October 27, 2016
The Tencent Keen Security Lab Team from China has won a total prize money of $215,000 in the 2016 Mobile Pwn2Own contest run by Trend Micro’s Zero Day Initiative (ZDI) in Tokyo, Japan.
Despite the implementation of high-security measures in current devices, the famous Chinese hackers crew has successfully hacked both Apple’s iPhone 6S as well as Google’s Nexus 6P phones.
For hacking Apple’s iPhone 6S, Keen Lab exploited two iOS vulnerabilities – a use-after-free bug in the renderer and a memory corruption flaw in the sandbox – and stole pictures from the device, for which the team was awarded $52,500.
The iPhone 6S exploit successfully worked despite the iOS 10 update rolled out by Apple this week.

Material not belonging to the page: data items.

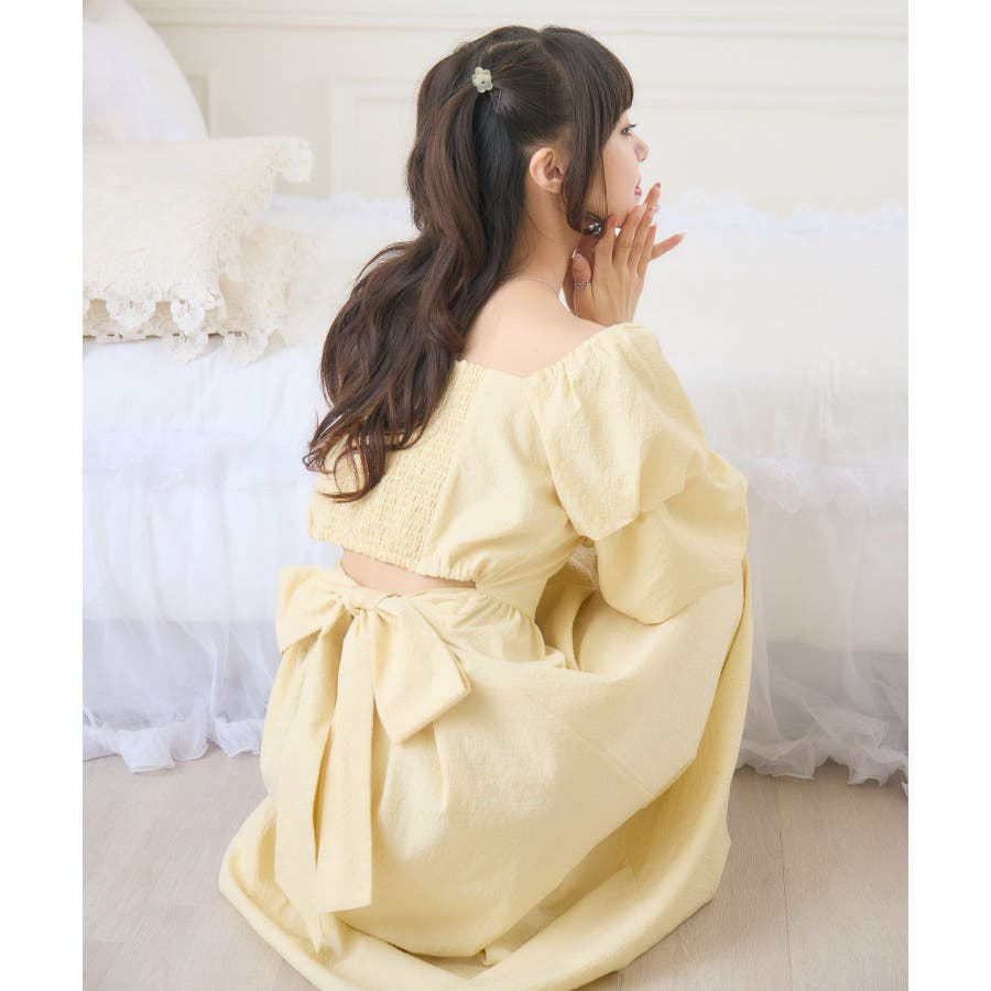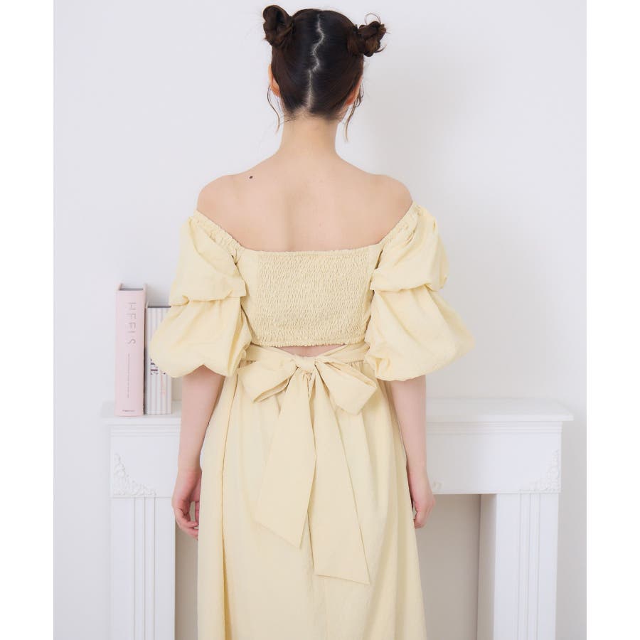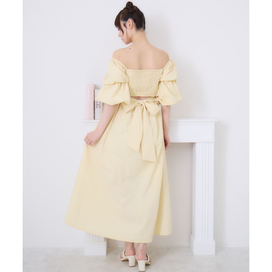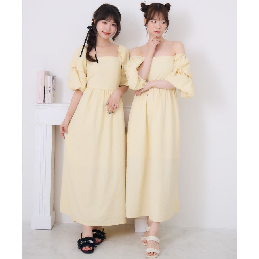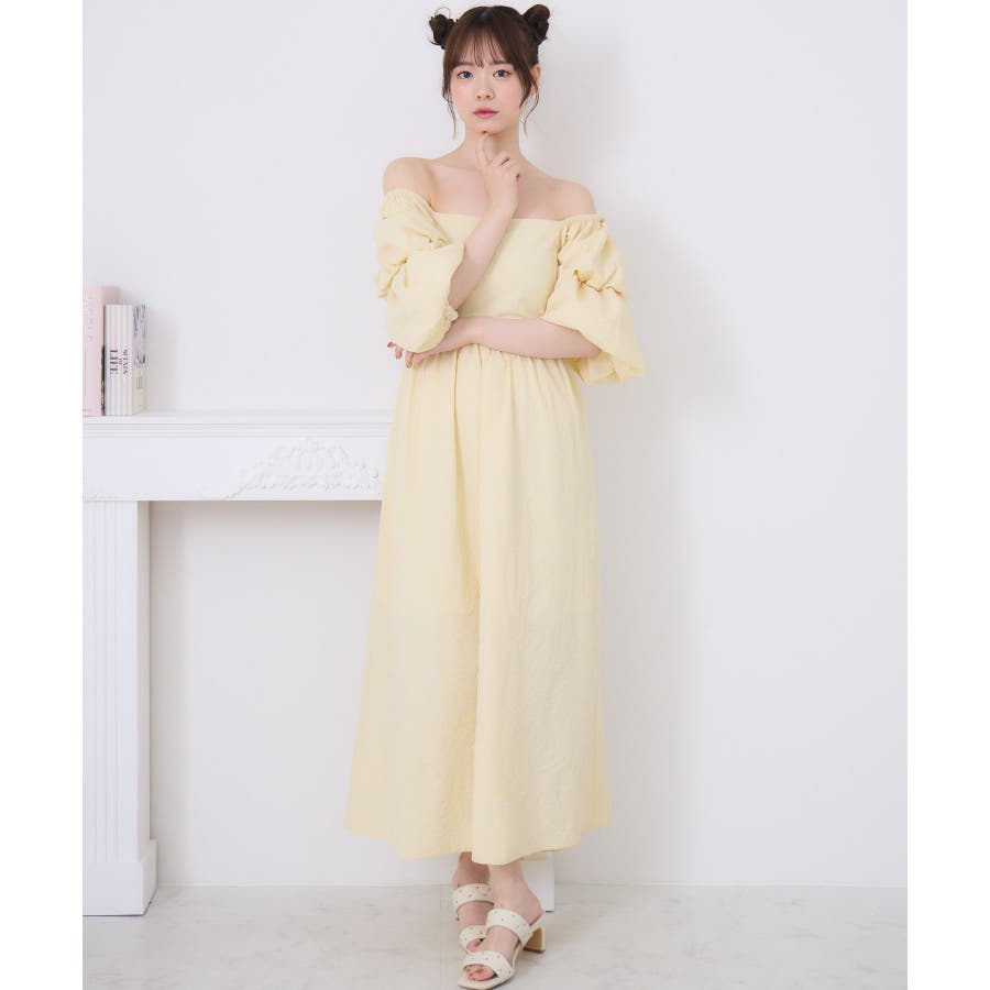 <ボリューム袖でシルエットが可愛いオフショルダーワンピース>▼デザインボリューム感のある2段のパフ袖が気になる二の腕をカバーしてくれるワンピース。バックリボンがワンポイントで、背中のスリットが夏らしい印象になります。スクエアネックで、デコルテを綺麗に見せてくれます。デートにもおすすめしたい女性らしいモテワンピースです。▼コーディネート1枚でスタイリングの完成するワンピース。麦わら帽子や小物でもっと夏らしさをプラスするのもおすすめです。------------------------------生地感:普通伸縮性:なし透け感:なし裏地:ある------------------------------▼ブランド紹介ems excite (エムズエキサイト)“more fun more cute”今をもっと楽しくもっと可愛いくいたい女の子に向けたgirly cuteなブランド#ワンピース #バルーンワンピース #上品 #デートコーデ #イエローコーデ ▼注意事項※撮影環境やモニター環境によって実際の商品とお色味が多少異なってみえる場合がございます。品番:EL480022B001 / 品名:バルーンスリーブオフショルOP
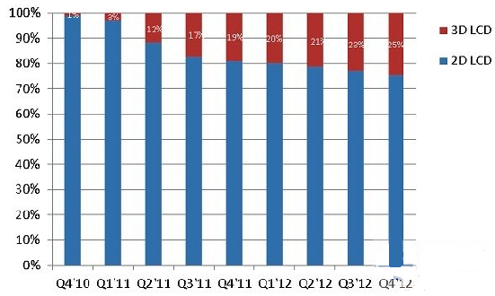 根據(jù)NPD DisplaySearch的調(diào)查,在元旦期間的主要城市賣場(chǎng),3D液晶電視在零售終端滲透率甚至高達(dá)40%;而整體3D液晶電視出貨滲透率可望在2012年第一季超過(guò)20%;該機(jī)構(gòu)在全球電視出貨與預(yù)測(cè)季報(bào)(Quarterly Advanced Global TV Shipment and Forecast Report)中預(yù)測(cè),到2012年第四季,中國(guó)大陸 3D液晶電視滲透率可達(dá)25%。
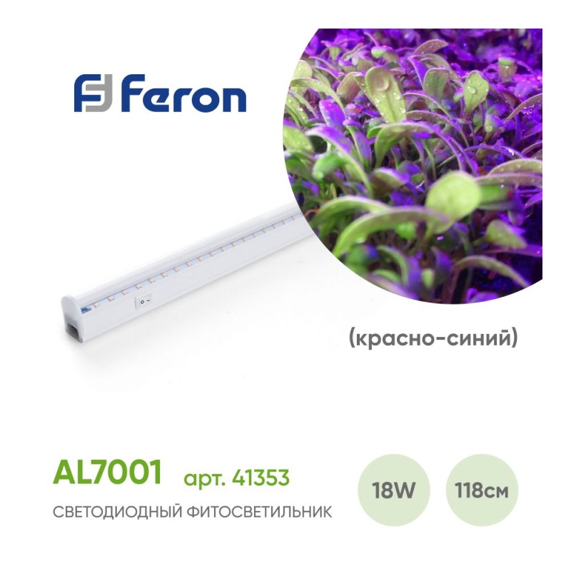 Светодиодный светильник для растений, спектр фотосинтез (красно-синий) 18W, пластик, AL7001 41353
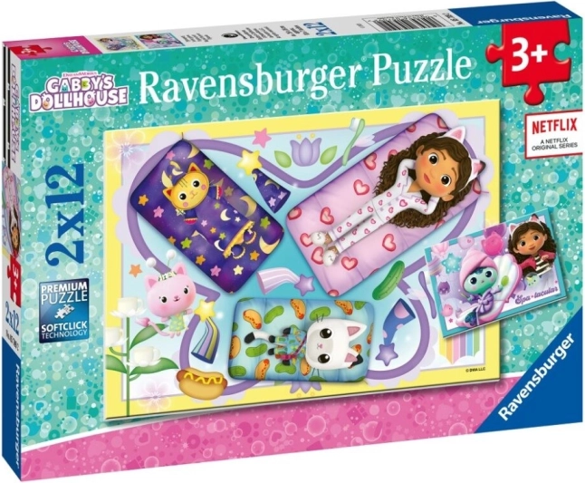 Sestavljanka 2x12 Gabi in Mačkin dom znamke Ravensburger ponuja dva kompleta, vsak po 12 kosov, idealna za najmlajše ljubitelje pravljic. Dimenzije vsake slike so 26 x 18 cm.
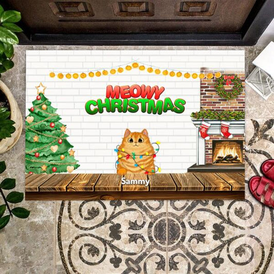 Meowy Christmas Cat Personalized Doormat - Cats, Names and Design can be customized
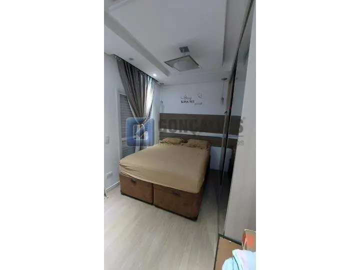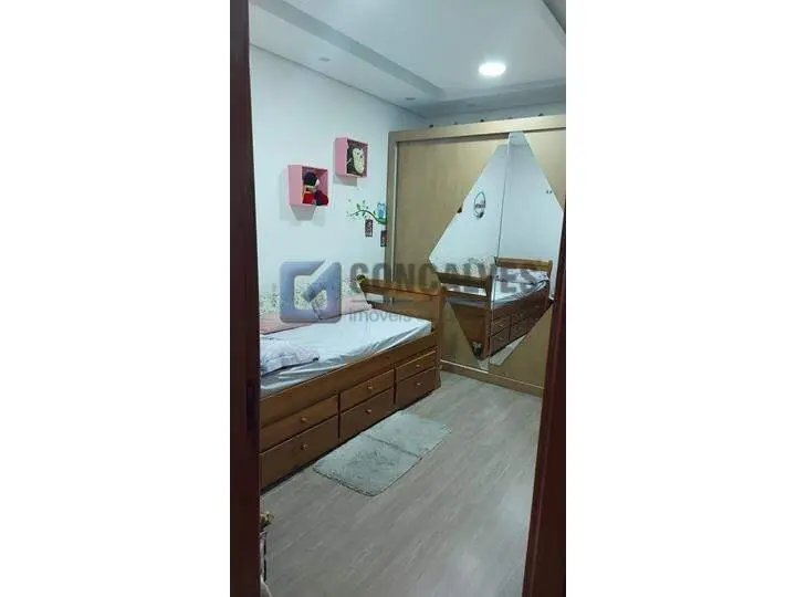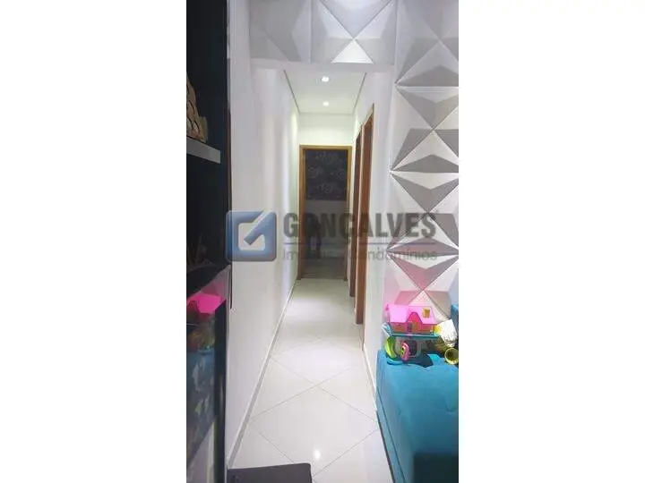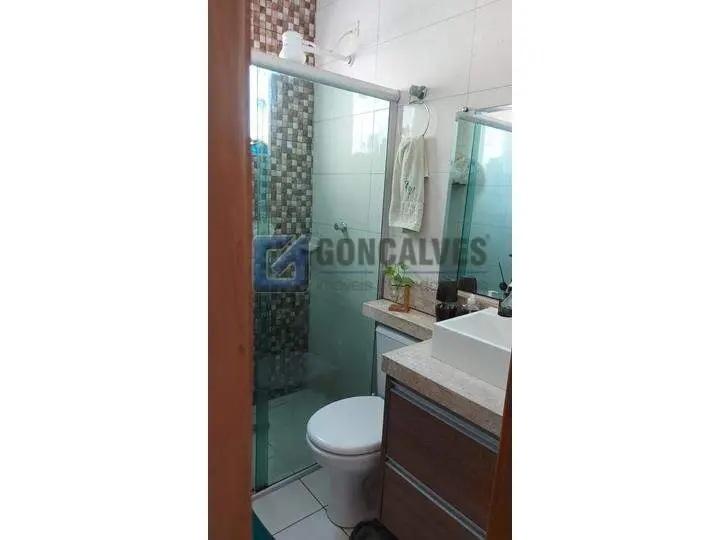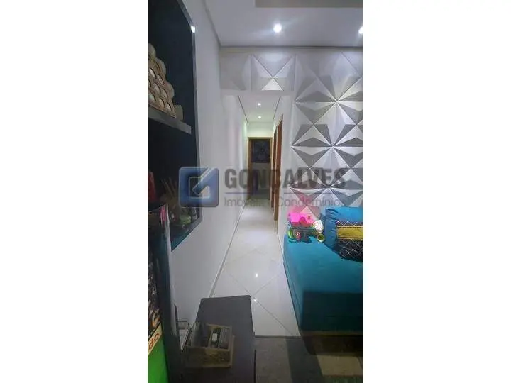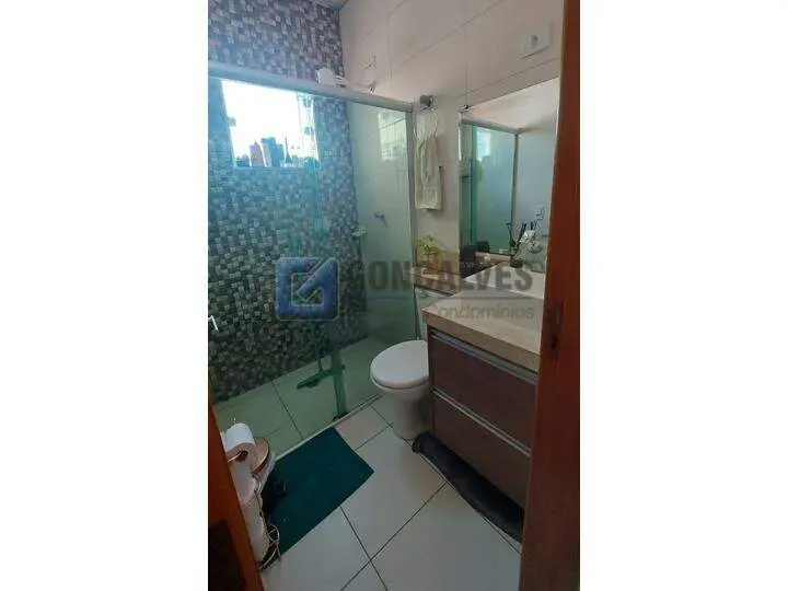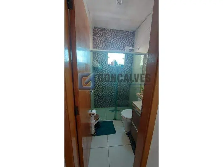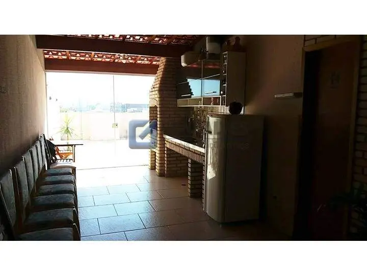 Cobertura residencial em Santo André, Bairro Vila Homero Thon. São 134 m² de área interna distribuídos em dois andares, com 2 quartos (sem suítes), 2 banheiros, 1 sala e área de serviço. Possui closet, armário na cozinha, interfone, portão eletrônico, churrasqueira e 2 vagas de garagem.

Earlier this week, Marco Grassi from Keen Lab was credited by Apple for finding a serious remote code execution flaw in iOS that could compromise a victim’s phone by just viewing “a maliciously crafted JPEG” image.
However, a tweet from Keen Team indicated it was able to make the attack successfully work on iOS 10.1 as well.
The Keen Lab also managed to install a malicious app on the iPhone 6S, but the app did not survive a reboot due to a default configuration setting, which prevented persistence. Still, the ZDI awarded the hackers $60,000 for the vulnerabilities they used in the hack.